Комсомольское собрание было бурным и крикливым. Все, даже особо уважавшие товарищи, клеймили позором начинающего газетчика и поэта: сразу, мол, видно кулацкую натуру; тихой сапой пролез в комсомол; втёрся в доверие и притворно прославляет враждебный ему социализм! Саша убито стоял перед кипевшим залом, искал хоть отдного сочувственного взгляда хотя бы уж среди друзей, но те угрюмо опускали глаза.
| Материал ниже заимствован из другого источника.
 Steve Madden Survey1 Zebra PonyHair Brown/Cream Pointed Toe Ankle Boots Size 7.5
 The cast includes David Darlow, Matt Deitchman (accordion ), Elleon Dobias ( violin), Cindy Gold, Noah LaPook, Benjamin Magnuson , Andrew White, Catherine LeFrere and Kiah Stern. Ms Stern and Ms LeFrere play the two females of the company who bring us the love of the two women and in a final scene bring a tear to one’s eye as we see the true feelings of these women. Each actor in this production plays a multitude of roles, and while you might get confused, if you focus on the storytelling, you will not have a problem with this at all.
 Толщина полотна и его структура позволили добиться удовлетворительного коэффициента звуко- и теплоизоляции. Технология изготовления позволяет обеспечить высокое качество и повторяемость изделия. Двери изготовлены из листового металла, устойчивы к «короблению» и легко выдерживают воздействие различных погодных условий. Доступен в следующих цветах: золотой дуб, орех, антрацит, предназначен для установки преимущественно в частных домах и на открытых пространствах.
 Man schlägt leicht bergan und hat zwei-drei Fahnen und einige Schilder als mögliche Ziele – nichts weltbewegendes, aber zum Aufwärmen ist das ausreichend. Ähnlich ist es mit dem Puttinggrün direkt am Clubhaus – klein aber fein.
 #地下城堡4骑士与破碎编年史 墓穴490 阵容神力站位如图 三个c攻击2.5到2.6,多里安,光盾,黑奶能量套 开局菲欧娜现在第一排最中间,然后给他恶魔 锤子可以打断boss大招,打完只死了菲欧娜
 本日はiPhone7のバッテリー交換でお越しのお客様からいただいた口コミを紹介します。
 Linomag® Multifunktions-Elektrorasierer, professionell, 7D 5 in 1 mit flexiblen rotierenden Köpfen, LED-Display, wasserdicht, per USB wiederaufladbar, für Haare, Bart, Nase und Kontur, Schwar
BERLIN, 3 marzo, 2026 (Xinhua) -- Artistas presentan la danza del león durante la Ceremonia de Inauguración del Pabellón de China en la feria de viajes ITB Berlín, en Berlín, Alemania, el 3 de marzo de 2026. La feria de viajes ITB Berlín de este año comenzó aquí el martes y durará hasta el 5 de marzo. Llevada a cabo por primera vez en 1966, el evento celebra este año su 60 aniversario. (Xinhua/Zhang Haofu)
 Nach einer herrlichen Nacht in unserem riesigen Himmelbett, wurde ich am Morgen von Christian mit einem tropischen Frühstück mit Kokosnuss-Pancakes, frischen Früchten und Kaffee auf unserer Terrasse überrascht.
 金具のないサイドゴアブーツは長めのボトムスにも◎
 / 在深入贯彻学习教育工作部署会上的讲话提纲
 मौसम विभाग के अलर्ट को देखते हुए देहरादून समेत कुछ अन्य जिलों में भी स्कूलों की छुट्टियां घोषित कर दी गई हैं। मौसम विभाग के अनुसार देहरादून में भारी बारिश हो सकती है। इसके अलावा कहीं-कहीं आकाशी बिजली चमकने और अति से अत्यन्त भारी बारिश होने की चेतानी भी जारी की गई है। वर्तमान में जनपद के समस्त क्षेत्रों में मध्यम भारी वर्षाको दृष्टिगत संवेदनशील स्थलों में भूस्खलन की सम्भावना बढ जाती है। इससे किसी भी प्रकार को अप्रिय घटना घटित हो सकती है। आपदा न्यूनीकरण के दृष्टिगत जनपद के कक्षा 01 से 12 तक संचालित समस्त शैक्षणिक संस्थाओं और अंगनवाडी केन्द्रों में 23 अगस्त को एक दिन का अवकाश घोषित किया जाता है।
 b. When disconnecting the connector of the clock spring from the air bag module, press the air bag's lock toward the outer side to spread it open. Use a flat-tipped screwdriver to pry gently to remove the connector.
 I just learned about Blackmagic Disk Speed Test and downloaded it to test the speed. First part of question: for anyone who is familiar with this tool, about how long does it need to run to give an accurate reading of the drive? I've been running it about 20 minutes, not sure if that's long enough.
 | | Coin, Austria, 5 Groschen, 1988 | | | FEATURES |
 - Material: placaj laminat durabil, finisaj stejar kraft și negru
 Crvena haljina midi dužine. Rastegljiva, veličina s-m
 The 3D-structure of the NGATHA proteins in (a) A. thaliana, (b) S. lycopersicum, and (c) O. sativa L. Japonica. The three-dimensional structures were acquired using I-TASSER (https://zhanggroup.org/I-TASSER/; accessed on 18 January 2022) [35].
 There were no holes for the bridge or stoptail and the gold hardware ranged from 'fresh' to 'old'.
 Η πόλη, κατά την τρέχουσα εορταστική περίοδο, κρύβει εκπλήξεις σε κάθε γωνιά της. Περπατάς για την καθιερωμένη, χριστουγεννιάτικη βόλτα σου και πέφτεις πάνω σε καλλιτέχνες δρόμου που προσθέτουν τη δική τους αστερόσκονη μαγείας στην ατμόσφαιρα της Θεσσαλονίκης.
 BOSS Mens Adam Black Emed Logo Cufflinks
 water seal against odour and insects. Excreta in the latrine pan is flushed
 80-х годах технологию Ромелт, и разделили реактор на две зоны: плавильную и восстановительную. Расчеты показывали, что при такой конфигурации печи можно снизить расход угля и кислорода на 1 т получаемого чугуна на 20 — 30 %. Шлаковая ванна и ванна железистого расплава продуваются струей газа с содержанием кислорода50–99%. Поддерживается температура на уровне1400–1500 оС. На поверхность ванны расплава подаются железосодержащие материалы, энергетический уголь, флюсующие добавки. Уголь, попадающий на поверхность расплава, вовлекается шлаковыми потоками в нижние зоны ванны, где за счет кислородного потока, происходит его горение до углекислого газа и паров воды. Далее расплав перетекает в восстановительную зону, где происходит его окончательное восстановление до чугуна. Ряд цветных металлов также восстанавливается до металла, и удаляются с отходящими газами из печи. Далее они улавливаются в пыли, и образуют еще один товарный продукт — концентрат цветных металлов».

Что он перенёс тогда, теперь не измерить. Однако хоть чуть-чуть можно представить по стихам из поэмы “По долгу памяти”, написанной поэтом перед самым уходом. Вот эти проникновенные строчки:
Вам — из другого поколенья —
Едва ль постичь до глубины
Тех слов коротких откровенье
Для виноватых без вины.
Вас не смутить в любой анкете
Зловещей некогда графой:
Кем был до вас еще на свете
Отец ваш, мертвый иль живой.
В чаду полуночных собраний
Вас не мытарил тот вопрос:
Ведь вы отца не выбирали, —
Ответ по-нынешнему прост.
Но в те года и пятилетки,
Кому с графой не повезло, —
Для несмываемой отметки
Подставь безропотно чело.
Чтоб со стыдом и мукой жгучей
Носить ее — закон таков.
Быть под рукой всегда — на случай
Нехватки классовых врагов.
Готовым к пытке быть публичной
И к горшей горечи подчас,
Когда дружок твой закадычный
При этом не поднимет глаз...
И дружок закадычный, и уважавшие раньше товарищии, и все прочие комсомольцы единогласно проголосовали в тот вечер за исключение Александра из комсомола. Трагедия — по тем суровым временам. Но у Твардовского уже была связь с Богом, с той Божественной сферой, с которой постоянно связан подлинный поэт. А это — опора не пустяковая! Пусть мрачно затянули небосвод густые тучи,
... Но миру не раскрытый
В душе поёт под музыку секрет,
Что скоро мне семнадцать полных лет
И я, помимо прочего, поэт, —
Какой хочу, такой и знаменитый.
Что тут и говорить, пожалуй, и слепой увидит живую связь “раскулачивания” и шумного собрания комсомолии с первой знаменитой поэмой Твардовского “Страна Муравия”. В поэме этой начинающий автор сумел так гениально раскрыться, что и темы поднял, считай, запретные, и обидчикам своим нос утер, и, в итоге, получил Сталинскую премию, то бишь Государственную.
Действительно, надо было додуматься, чтобы в самый разгар насильственной коллективизации крестьян, в годы, когда еще ничуть не забылась память о массовых репрессиях кулаков, — взять да и написать о крестьянине Моргунке, который отшатнулся от колхозного рая и поехал искать Муравскую страну, где была бы у него, видите ли, своя собственная земля, своя собственная лошадка, свой собственный дом!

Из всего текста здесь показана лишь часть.